For this assignment I will be analyzing a list of the 100 best movies, according to some metrics collected by ultimatemovierankings.com. I have always been a big fan of movives and film, and thought that running some analysis on some of the highest rated movies would be fun and interesting. This document will be answering 5 questions about the data, with relevant visuals for each question.
The data comes from ultimatemovierankings.com
Movie_Ranking <- read_html("https://www.ultimatemovierankings.com/top-250-movies/")
Movies_http <- "http://www.ultimatemovierankings.com/top-250-movies/"
Ranking_Table <- readHTMLTable(Movies_http, stringsAsFactors = FALSE)
length(Ranking_Table) # This gives us 1
## [1] 1
movies <- data.frame(Ranking_Table[[1]])
colnames(movies)
## [1] "Rank" "Movie..Year."
## [3] "Star.of.Movie" "Director.of.Movie"
## [5] "Domestic.B.O..Adjusted..mils.." "Critic.Audience.Rating"

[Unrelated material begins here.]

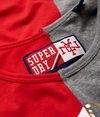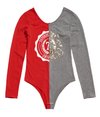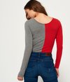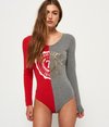Superdry women's Upstate bodysuit. A sporty but chic long sleeved bodysuit featuring two-colour cracked print stripes on the sleeves with a cracked finish Superdry Track League print in two colours on the front. The Upstate bodysuit has a popper fastening gusset and is finished with a Superdry logo tab on the right cuff.

## [7] "Oscar.Nom...Win" "UMR.Score"
# Want to get the periods out of the column names
movies <- rename(movies, "Movie Year" = "Movie..Year.")
movies <- rename(movies, "Star(s) of Movie" = "Star.of.Movie")
movies <- rename(movies, "Director of Movie" = "Director.of.Movie")
movies <- rename(movies, "Domestic Box Office Adjusted (Mils.)" = "Domestic.B.O..Adjusted..mils..")
movies <- rename(movies, "Critic Audience Rating" = "Critic.Audience.Rating")
movies <- rename(movies, "Oscar Noms/wins" = "Oscar.Nom...Win")
movies <- rename(movies, "UMR Score" = "UMR.Score")
movies <- rename(movies, "Domestic Box Office Adjusted in Mils." = "Domestic Box Office Adjusted (Mils.)")
movies <- rename(movies, "Domestic Box Office Adjusted Mils." = "Domestic Box Office Adjusted in Mils.")
colnames(movies)
## [1] "Rank" "Movie Year"
## [3] "Star(s) of Movie" "Director of Movie"
## [5] "Domestic Box Office Adjusted Mils." "Critic Audience Rating"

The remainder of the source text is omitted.